Left to right: Troop 12714 Girl Scouts Jordan Anderson, Lindsey Anderson, and Alexis Bergestand by an anti-texting while driving sign by Blaine High School they helped make possible. Submitted photo

“I’m very proud of the girls. They went above and beyond. They’re an amazing group of girls,” said Troop 12714 Leader Lauri Anderson of Blaine, whose daughter Lindsey was part of the project. Jordan Anderson of Blaine, not related, was also part of the three-member team working on their Girl Scout Silver Award.

Alexis, Jordan and Lindsey are eighth grade students at Roosevelt Middle School in Blaine, so they are a couple of years from getting behind the wheel of a vehicle.

Nevertheless, they understand the seriousness of this issue. The Anoka County Highway Department shared with them that about 30 percent of crashes in Anoka County can be attributed to distracted driving.

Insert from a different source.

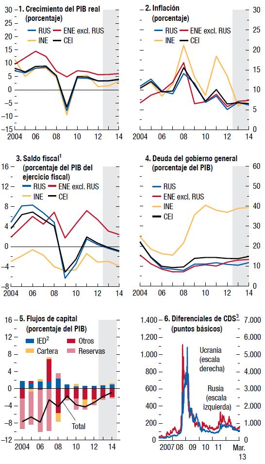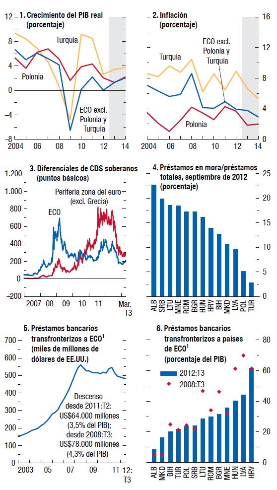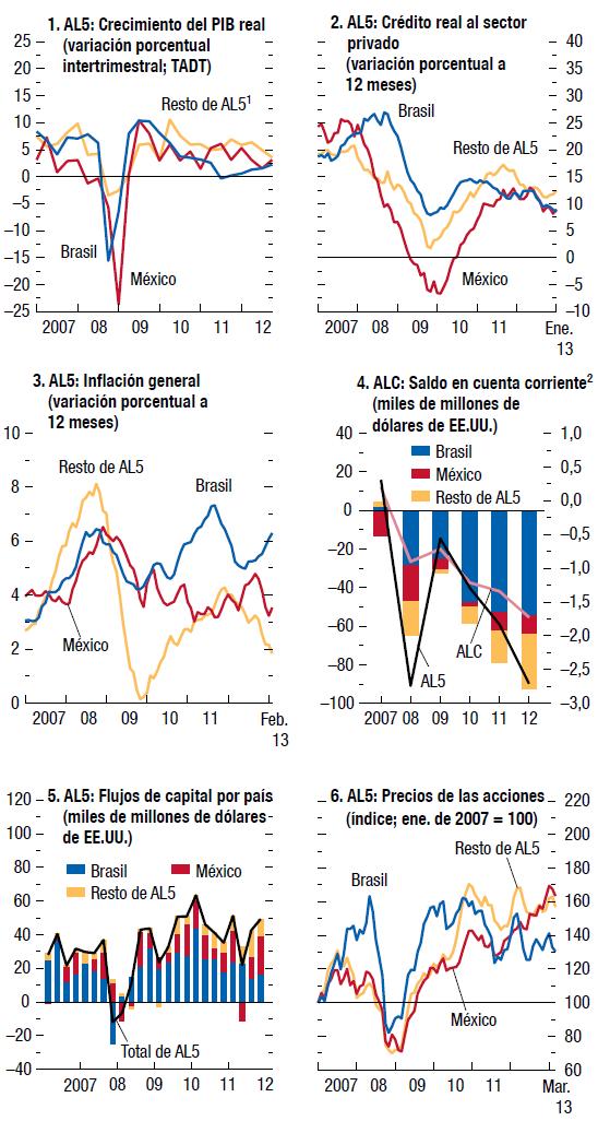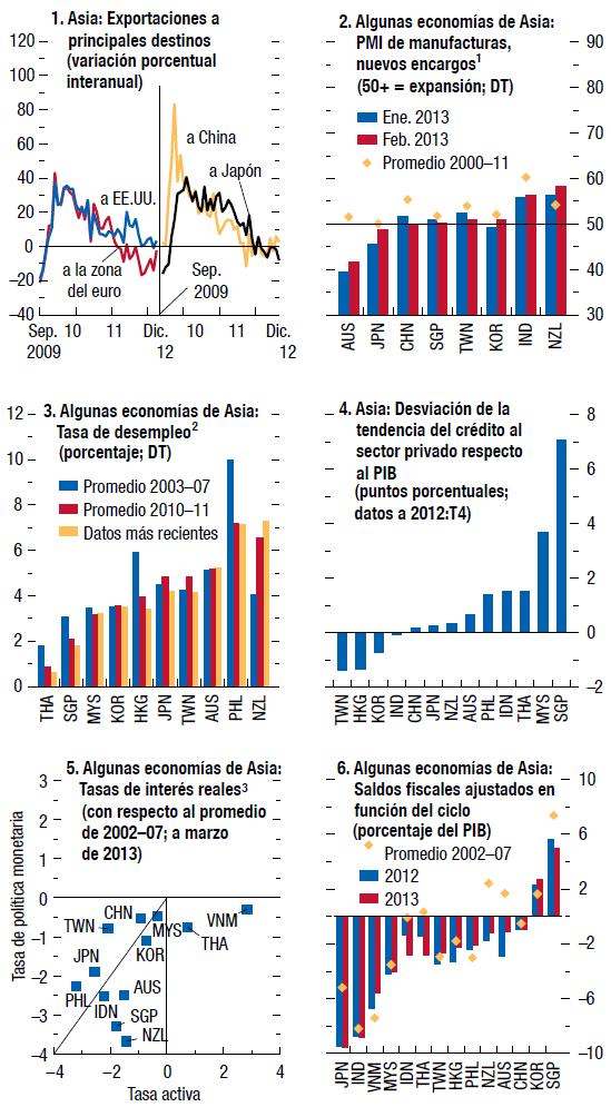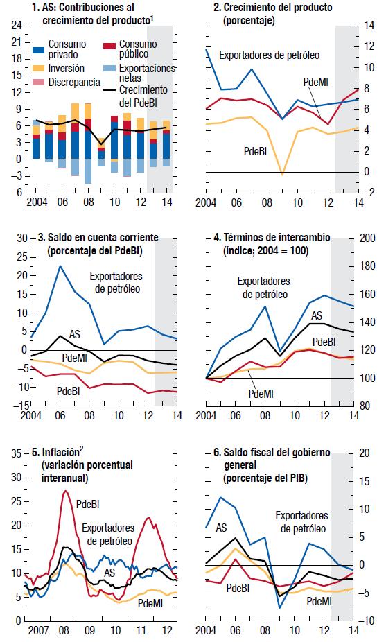 Las economías de mercados emergentes y en desarrollo sufrieron una notable desaceleración durante 2012, debida a una marcada contracción de la demanda proveniente de economías avanzadas clave, la aplicación de políticas internas más restrictivas y el final del auge en algunas de las principales economías de mercados emergentes. Pero ante la solidez de la demanda de consumo, el compás de espera en que se encuentra la política macroeconómica y la reactivación de las exportaciones, la mayoría de las economías de Asia y África subsahariana y muchas economías de América Latina y la Comunidad de Estados Independientes están ahora logrando un mayor crecimiento. La recuperación debería volver a acelerarse en las economías emergentes de Europa a la par del repunte paulatino de la demanda de las economías avanzadas de Europa. No obstante, las economías de Oriente Medio y Norte de África continúan atravesando difíciles procesos internos de transición. Y un par de economías de América del Sur están enfrentando altos niveles de inflación y una presión creciente en los mercados cambiarios.

The three Girl Scouts did their own informal survey by watching drivers at the intersection of Highway 65 and Highway 10. While they were out there, they saw approximately 36 percent of drivers on their cell phones.

To make a difference, they developed the Save Texting 4 Later project. They sent pledge forms to every middle school in the Anoka-Hennepin School District and hundreds signed to promise that they would not text when they start driving.

They also developed a wrist band that gives a visual reminder not to text while driving. Anoka County Engineer Doug Fischer shared with the Anoka County Board during a presentation on the project that he wraps the wrist band around his phone.

The girls started raising money last July, according to Alexis, and raised $144.

This offset some of the county highway department’s costs to install four signs by Blaine High School. County public works employees placed the posts in the ground, but the girls got to help bolt the signs in Jan. 30.

They also met with Blaine Mayor Tom Ryan to discuss the possibility of signage near the Highway 10 and Highway 65 intersection. They are still working on this aspect of the project though and nothing has been finalized.

They will officially receive the Silver Award from the Girl Scouts May 5. It is the second-highest honor that can be bestowed upon a Girl Scout.

In a little over six months, Alexis, Jordan and Lindsey will be freshmen at Blaine High School and will see their work first-hand every day.

“It was pretty amazing,” Lindsey said. “We’re just in the eighth grade, so to put up signs we can now see that could potentially save lives, it was a cool experience.”